Информационные общества, в которых мы живем, являются нео производственными системами, в которых опытная и интеллектуальная обработка данных и информации является основным имеющим ценность занятием большинства работоспособного населения. Любой ребенок, который обучался на практике, любой человек, знающий о факте, что понимание требует намного больше, чем пассивное наблюдение, любой студент, обучался в лаборатории или в области, любой инженер, который когда-либо проектировал артефакт, любой ученый, который когда-либо управлял экспериментом или разработал моделирование, любой пользователь, который когда-либо чувствовал потребность знать больше о технологии, чем, как наслаждаться им, любой академик, который понял, что обучение - отличный способ изучения, и, вообще, любой вовлеченный в бизнес информационного создания, обработки, передачи и приобретения, должно быть, чувствовал, в некоторый момент, что у нашей когда-либо более богатой способности проникновения в суть природы действительности есть свой фонд в наших практических и творческих взаимодействиях с ним. Мы делаем вещи с информацией, чтобы перефразировать. Таким образом, это - потому что мы знаем, как сделать это и что творчески, в интерактивном режиме и коллективно что мы можем справедливо сообщить, чтобы знать, что такой и такой имеет место пассивно и индивидуально. Логическое знание - великолепное заключение информационного процесса, не его скромное начало.
Интеллектуальный дележ между эпистемическими методами и эпистемологическим теоретизированием расширяется, не в последнюю очередь потому что давление, прибывающее из огромного количества информации, которую мы по экспоненте производим, заставляет нас к развитию новых методов и технологий обращаться с ними и новыми эпистемическими способами эксплуатировать их. Мы должны очень с подозрением относиться к увеличивающейся педагогической незначительности нашей эпистемологии, основанной на подходе пользователя знаний.

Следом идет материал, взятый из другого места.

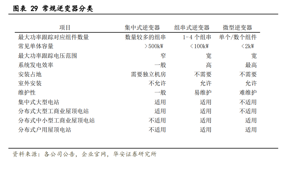 組串 PCS 彌補(bǔ)集中式不足,開啟規(guī)?;瘧?yīng)用。業(yè)內(nèi)目前電池儲(chǔ)能系統(tǒng)主要采取集中 式 PCS,多組電池并聯(lián)將引起電池簇之間的不均衡,久之并聯(lián)電池簇中會(huì)出現(xiàn)一部分電 池實(shí)際出力不足,而另一部分超出倍率使用的現(xiàn)象,造成“木桶”效應(yīng);而組串式 PCS 可 以實(shí)現(xiàn)簇級(jí)管理,提升系統(tǒng)壽命,提高全壽命周期放電容量,規(guī)?;瘧?yīng)用趨勢(shì)已見(jiàn)雛形。 當(dāng)前市場(chǎng)以組串式逆變器為主,微型逆變器尚處于發(fā)展階段。綜合考慮逆變器的不同技 術(shù)并結(jié)合其市場(chǎng)策略做出選擇的背景下,當(dāng)前組串式逆變器仍是市場(chǎng)較為主流選擇。目 前,華為、陽(yáng)光電源、固德威、錦浪科技等光伏逆變器的核心供應(yīng)商均在組串式逆變器 有布局。而微型逆變器作為一種新的技術(shù)路線尚處于發(fā)展期,技術(shù)門檻較高,供應(yīng)商較 少。國(guó)外的微型逆變器市場(chǎng)發(fā)展較早,但出貨仍集中于海外龍頭 Enphase。我國(guó)微型逆變 器供應(yīng)商較少,一方面是因?yàn)閲?guó)內(nèi)相關(guān)技術(shù)研發(fā)較晚,另一方面是因?yàn)閲?guó)內(nèi)市場(chǎng)對(duì)于微 型逆變器的需求處于導(dǎo)入階段,尚未進(jìn)入放量階段。

Кажется ясным, что, если эпистемология хочет быть больше, чем просто интеллектуальная игра, крайне разведенная от фактической динамики человеческих знаний, и следовательно не важная его пониманию и содействию, это должно вернуться той же дорогой и взять различное руководство. Риск состоит в том, чтобы способствовать эпистемологической культуре пассивных информационных приемников и потребителей, а не критически настроенных информационных производителей. Время стало эпистемологическим образом еретическим, чтобы оставить пассивную, подражательную, ориентируемую пользователями перспективу относительно того, как мы производим наше знание мира и соединяем силы с некоторыми менее ортодоксальными мыслителями в нашей философской традиции, в пользу ориентируемого производителями подхода. Знание не о получении сообщений от мира; а, прежде всего, о правильных формах ведения переговоров, коммуникации с ним.